Historically these exchanges would mean delivering actual paper stock certificates, or some other similar note indicating ownership, to the buyer and cash to the seller. That took time, and so there was always a settlement period. In modern times cash is transferred instantly. The use paper certificates of stock (or other securities) is a rarity–most records are kept electronically. For a long period of time the settlement period for stocks was 5 days. In 1993 the SEC (Securities and Exchange Commission) reduced it to 3 days, and today it is 2 days.
The settlement period is sometimes denoted with a capital T and a number indicating the number of business days to settlement of a trade. For example, “T+2” indicates that the settlment date is 2 days after the date of the trade.
The trade is considered final after the settlement period. The date this occurs is the settlement date.
For stocks, currently the settlement date is always 2 business days after the trade. Even though cash is transferred instantly, it is not considered “settled” until the settlement date.
Examples:
- If you buy a stock on Monday, the settlement date is Wednesday.

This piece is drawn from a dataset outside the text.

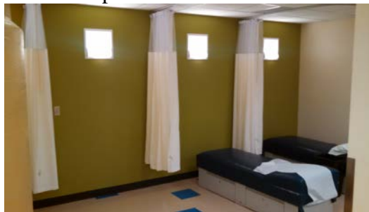
Wilson Health Office Triage Bay

- If you buy a stock on Thursday, the settlement date is the next Monday.
The SEC sets rules, and some brokers have their own additional rules, for trading with cash received before the settlement period ends (known as “unsettled cash”). Your broker may not even allow you to trade (i.e. buy) with cash that isn’t settled.
Exercises
- Kevin buys 30 shares of TSLA (Tesla) for $175 each. and Robert is on the selling side of the trade. Kevin makes his purchase on Tuesday. On what day will Robert receive his cash? On what day is the trade considered settled?
- There is a market for bonds which have a T+4 settlement period. If Alicia buys a bond on Wednesday, on what day will she be the owner of record of the bond?